O Monumental tornou-se a maior referência de Lisboa (vários imagens do espaço podem ser vistas no Restos de Colecção) e por lá passaram alguns dos maiores eventos cinematográficos do seu tempo, como a reposição de "E Tudo o Vento Levou" e as estreias de "Ben-Hur", "West Side Story", "My Fair Lady", "2001- Odisseia no Espaço" e, claro, "A Guerra das Estrelas".
Em 1971, acrescentou-se uma segunda sala de cinema, chamado "Satélite", de reduzidas dimensões e com 208 lugares, no último piso do edifício, onde era o salão-chá, numa tentativa para ir ao encontro dos novos tempos e hábitos do público.
Isto não impediu o declínio ao longa da década em consequência da quebra de espectadores causada pelo aparecimento de salas de cinema mais pequenas mas com programações mais atrativas, o entretenimento oferecido pela televisão e outras formas de espetáculo que chegaram a Portugal graças às alterações políticas após a Revolução de 25 Abril de 1974.
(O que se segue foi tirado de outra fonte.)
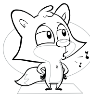
Whistle a song.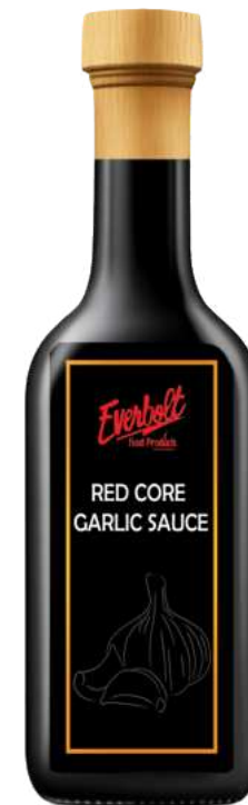
Red Core Garlic Sauce

O arquiteto Raúl Rodrigues Lima projetou uma remodelação do seu projeto em que a grande sala seria dividida em várias mais pequenas e a entrada seria transformada em várias lojas, mas não avançou: sem público para justificar os custos de manutenção da gigantesca estrutura, a Câmara Municipal de Lisboa decretou a demolição do edifício em 1982.
Apesar da enorme onde de contestação, a última sessão de cinema foi a 27 de novembro de 1983 e o edifício desapareceu no ano seguinte, no que é considerado por muitos um dos maiores crimes patrimoniais e culturais provocados pela especulação imobiliária em Portugal.
No local nasceu o atual edifício com o centro comercial de fachada espelhada com lojas, escritórios e as quatro salas de cinema, inauguradas em 1993 e projetadas pelos arquitetos Egas José Vieira e Manuel Graça Dias.